- [ABOUT THIS TASK] Write out only the lines from the line that holds "Retrouvons-nous au SIAL" to the end of the listing below, inclusive, with the pictures omitted.

- [SUPPLIED DATA]
• • • •

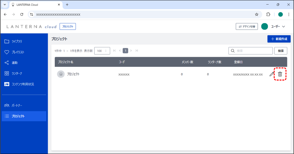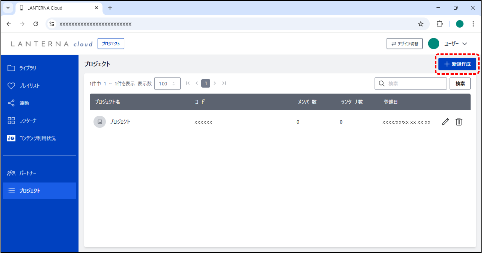プロジェクト一覧画面が表示されます。 - [新規作成]をクリックする。
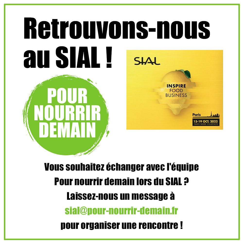 Retrouvons-nous au SIAL Paris ! Vous souhaitez échanger avec l’équipe Pour nourrir demain lors du SIAL ? Laissez-nous un message à sial@pour-nourrir-demain.fr pour organiser une rencontre !
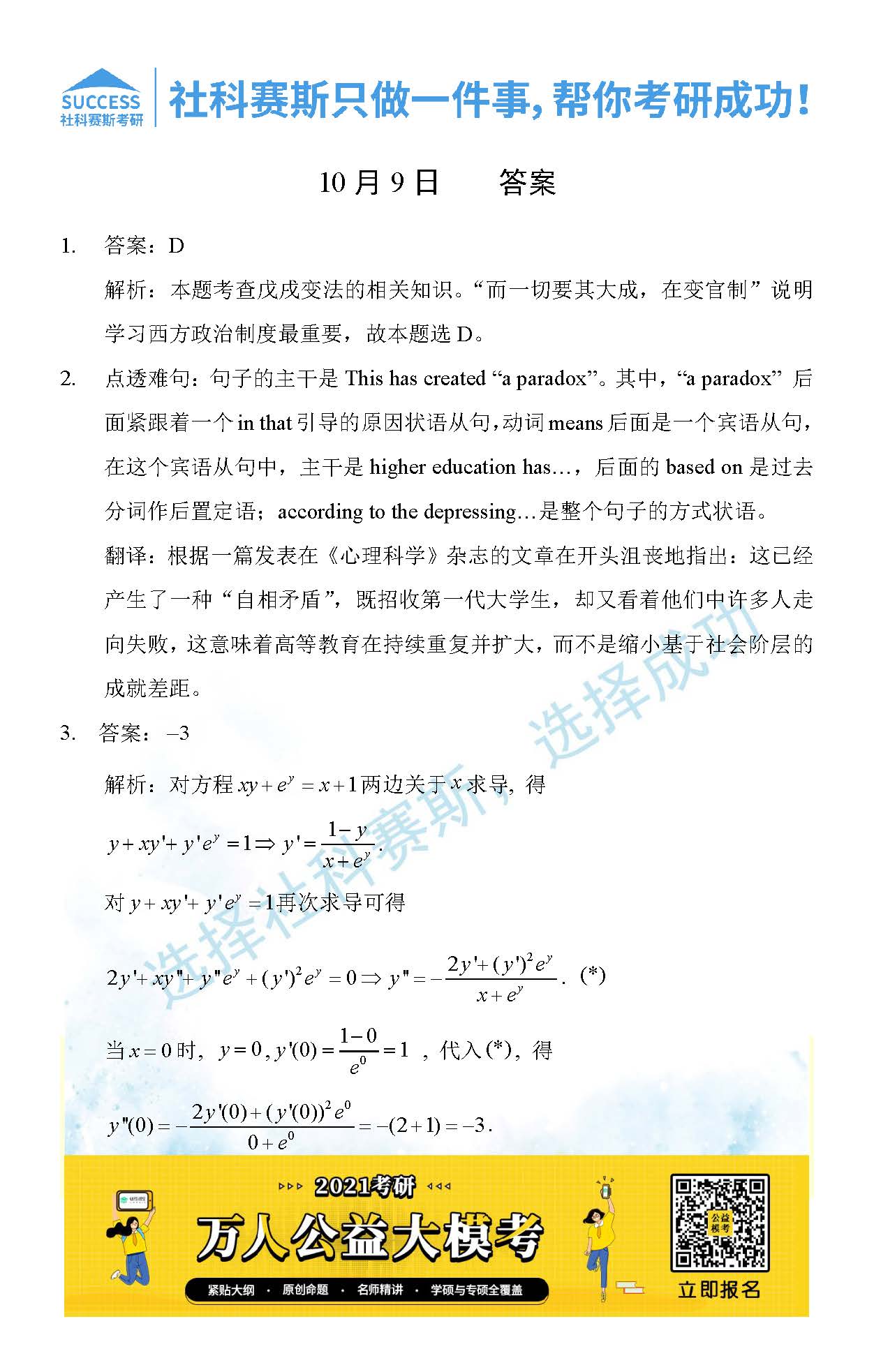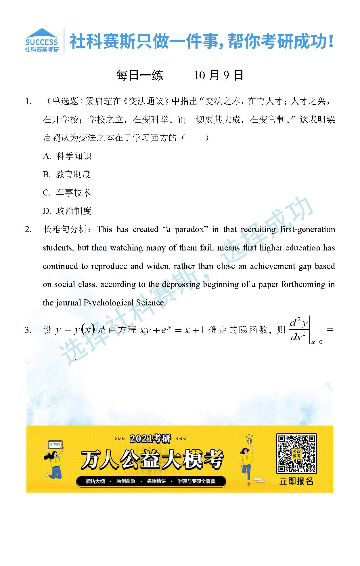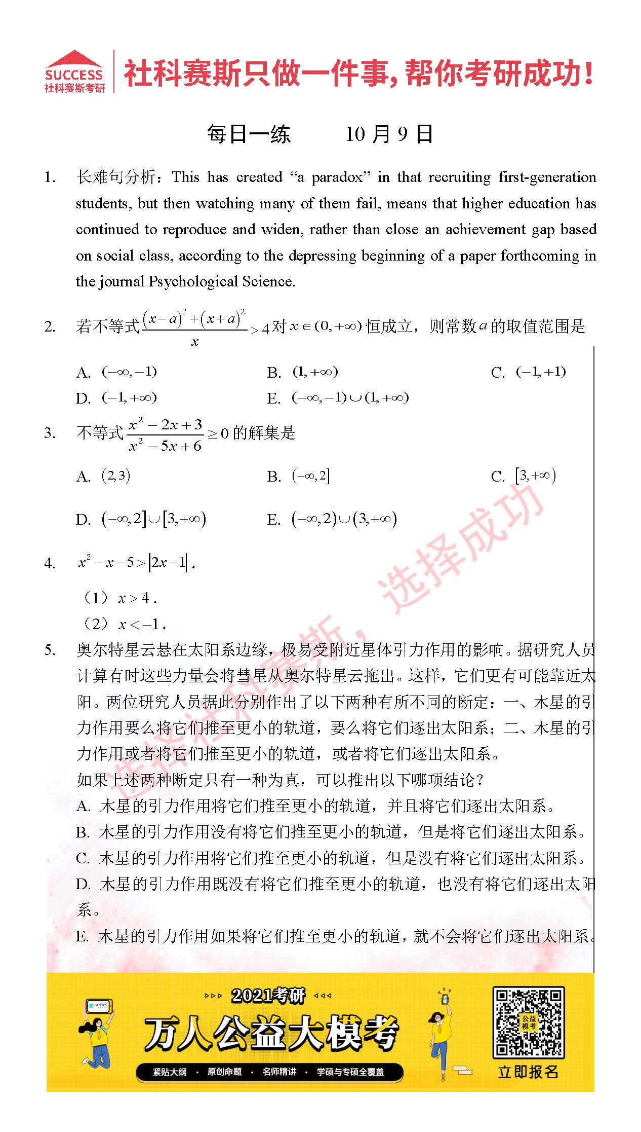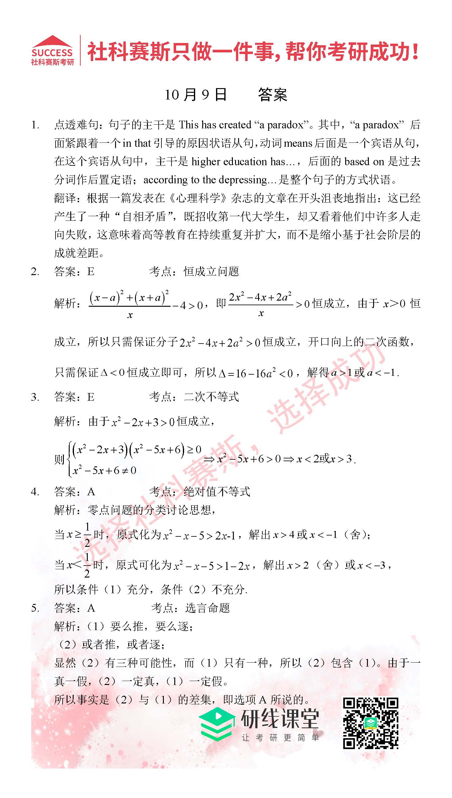 考研是一場(chǎng)持久戰(zhàn),保持良好的學(xué)習(xí)習(xí)慣,是能確保復(fù)習(xí)高效的關(guān)鍵。今天社科賽斯MBA備考網(wǎng)小編整理了“2021管理類聯(lián)考10月9日每日一練及答案”的內(nèi)容,希望能對(duì)廣大考生有所幫助。

• • • •

- [EXERCISE ANSWER]
 Retrouvons-nous au SIAL Paris ! Vous souhaitez échanger avec l’équipe Pour nourrir demain lors du SIAL ? Laissez-nous un message à sial@pour-nourrir-demain.fr pour organiser une rencontre !
 考研是一場(chǎng)持久戰(zhàn),保持良好的學(xué)習(xí)習(xí)慣,是能確保復(fù)習(xí)高效的關(guān)鍵。今天社科賽斯MBA備考網(wǎng)小編整理了“2021管理類聯(lián)考10月9日每日一練及答案”的內(nèi)容,希望能對(duì)廣大考生有所幫助。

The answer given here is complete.